From e3d26b7df130de915c104aa79ecca49219e9bf99 Mon Sep 17 00:00:00 2001
From: Jonathan Weth <git@jonathanweth.de>
Date: Thu, 20 Aug 2020 20:07:17 +0200
Subject: [PATCH] Add permissions for students view and list
---
aleksis/apps/alsijil/menus.py | 14 ++-
aleksis/apps/alsijil/rules.py | 65 +++++++++-
.../alsijil/class_register/lesson.html | 10 +-
.../alsijil/class_register/person.html | 115 ++++++++++--------
.../alsijil/class_register/week_view.html | 7 +-
aleksis/apps/alsijil/util/predicates.py | 17 ++-
aleksis/apps/alsijil/views.py | 97 +++++++++------
7 files changed, 225 insertions(+), 100 deletions(-)

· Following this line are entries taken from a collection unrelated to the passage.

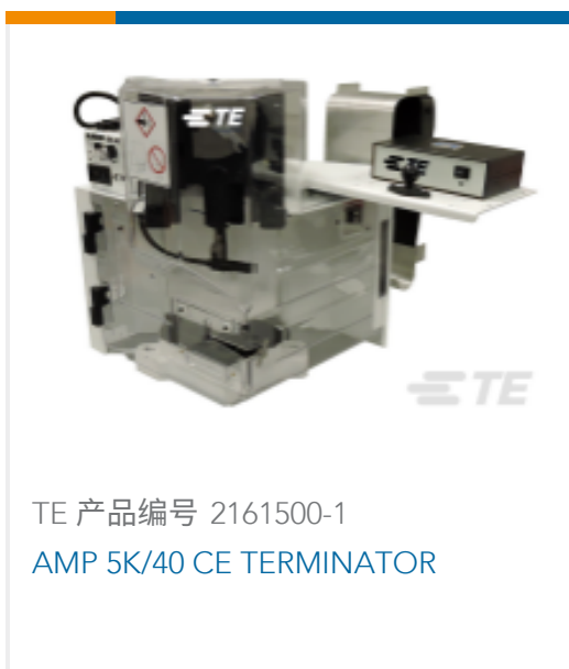
TE 产品编号 2161500-1 AMP 5K/40 CE TERMINATOR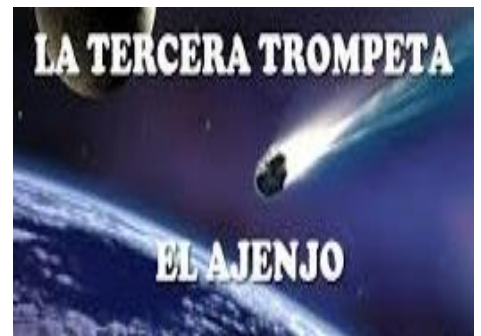
El Tercer ángel tocó la Trompeta, y cayó del Cielo una gran estrella ardiendo como una antorcha. Cayó sobre la tercera parte de los ríos y sobre las fuentes de las aguas. El nombre de la estrella es Ajenjo. La tercera parte de las aguas se convirtió en ajenjo y muchos hombres murieron a causa de esas aguas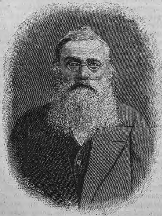
Н. И. Костомаровъ.

Изученіе бунта Стеньки Разина привело Костомарова къ созданію повѣсти Сынъ , рисующей нравы и бытъ русскаго общества въ XVII вѣкѣ,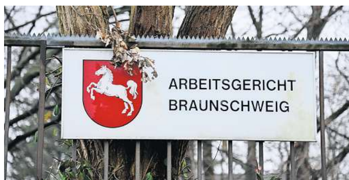
Eine Krankenschwester wurde während der Probezeit am Klinikum Wolfsburg gekündigt.

Und dann kam es wohl zur Kündigung: Nach dem Tod der Patientin soll sich die Krankenschwester gegen den Oberarzt aufgelehnt haben. Sie soll in einer Teamsitzung gesagt haben,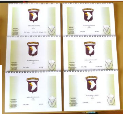
Serie P.M. Pulles boeken € 60,00

Per stuk € 10,00 (HQ, ART, 501, 502, 506 en 327/401)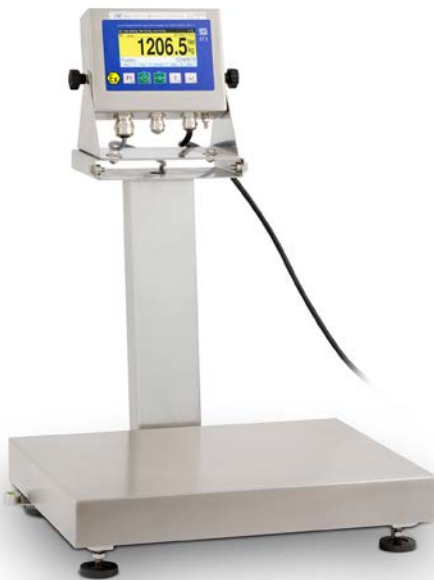
Waage für Handeingabe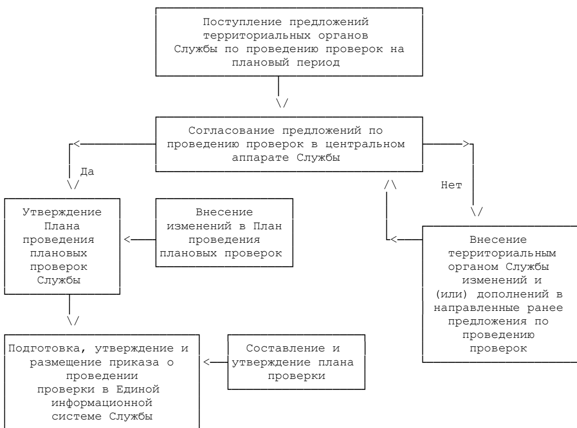
Блок-схема административной процедуры проведения проверок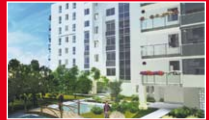
RED DEVELOPMENT OSIEDLE ALPHA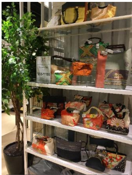
着物の素材を使ったバッグ

昨年は日本の伝統的な工芸品を紹介しましたが、今年の商品のテーマは、「 Stylish, Craft, Functional スタイリッシュ、手作り、機能的」であり、従来の工芸品に付加価値をつけたようなものが多くみられました。日本食の広がりとは比べ、シンガポールにおける日本の伝統工芸品の知名度は低いのが現状ではありますが、シンガポールのデザイナーとコラボレーションをし、現地の趣向を取り入れるなどした商品を展開することで、シンガポールでの販路開拓の足掛かり、そして地域のものづくり振興に寄与することが期待されます。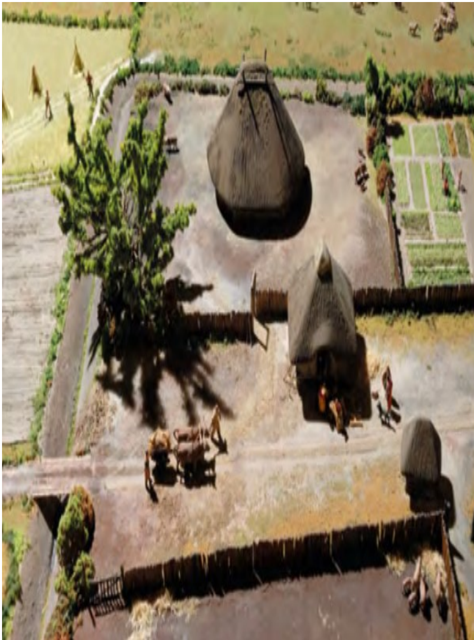
Maquette de la ferme de Bazoche-lès-Bray (Seine et Marne), II ème siècle avant J.-C. (Musée de Bibracte, réalisation : Lythos)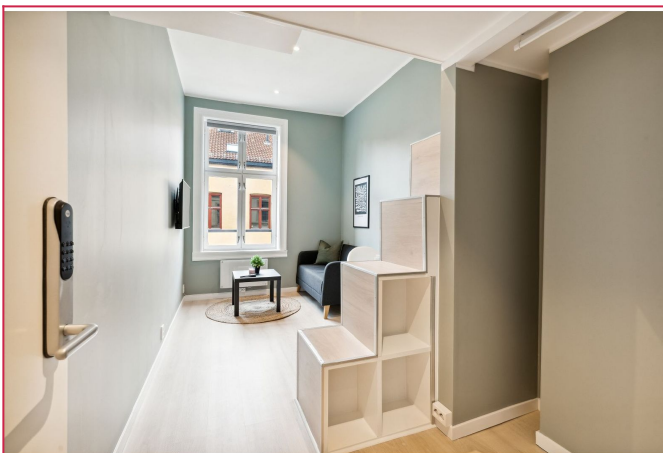
Alle rom er utstyrt med sitte gruppe, TV på vegg, smarte løsninger for oppbevaring og kodelås på dør

diff --git a/aleksis/apps/alsijil/menus.py b/aleksis/apps/alsijil/menus.py
index e405afae9..46ca6d023 100644
--- a/aleksis/apps/alsijil/menus.py
+++ b/aleksis/apps/alsijil/menus.py
@@ -38,13 +38,23 @@ MENUS = {
"name": _("My overview"),
"url": "overview_me",
"icon": "insert_chart",
- "validators": ["menu_generator.validators.is_authenticated"],
+ "validators": [
+ (
+ "aleksis.core.util.predicates.permission_validator",
+ "alsijil.view_person_overview_menu",
+ ),
+ ],
},
{
"name": _("My students"),
"url": "my_students",
"icon": "people",
- "validators": ["menu_generator.validators.is_authenticated"],
+ "validators": [
+ (
+ "aleksis.core.util.predicates.permission_validator",
+ "alsijil.view_my_students",
+ ),
+ ],
},
{
"name": _("Register absence"),
diff --git a/aleksis/apps/alsijil/rules.py b/aleksis/apps/alsijil/rules.py
index 08f185992..e25f74cc5 100644
--- a/aleksis/apps/alsijil/rules.py
+++ b/aleksis/apps/alsijil/rules.py
@@ -19,6 +19,7 @@ from .util.predicates import (
is_lesson_teacher,
is_own_personal_note,
is_person_group_owner,
+ is_person_primary_group_owner,
is_personal_note_lesson_parent_group_owner,
is_personal_note_lesson_teacher,
is_teacher,
@@ -46,6 +47,16 @@ view_lesson_personal_notes_predicate = has_person & (
)
add_perm("alsijil.view_lesson_personalnote", view_lesson_personal_notes_predicate)
+# Edit personal note
+edit_lesson_personal_note_predicate = has_person & (
+ has_global_perm("alsijil.change_personalnote")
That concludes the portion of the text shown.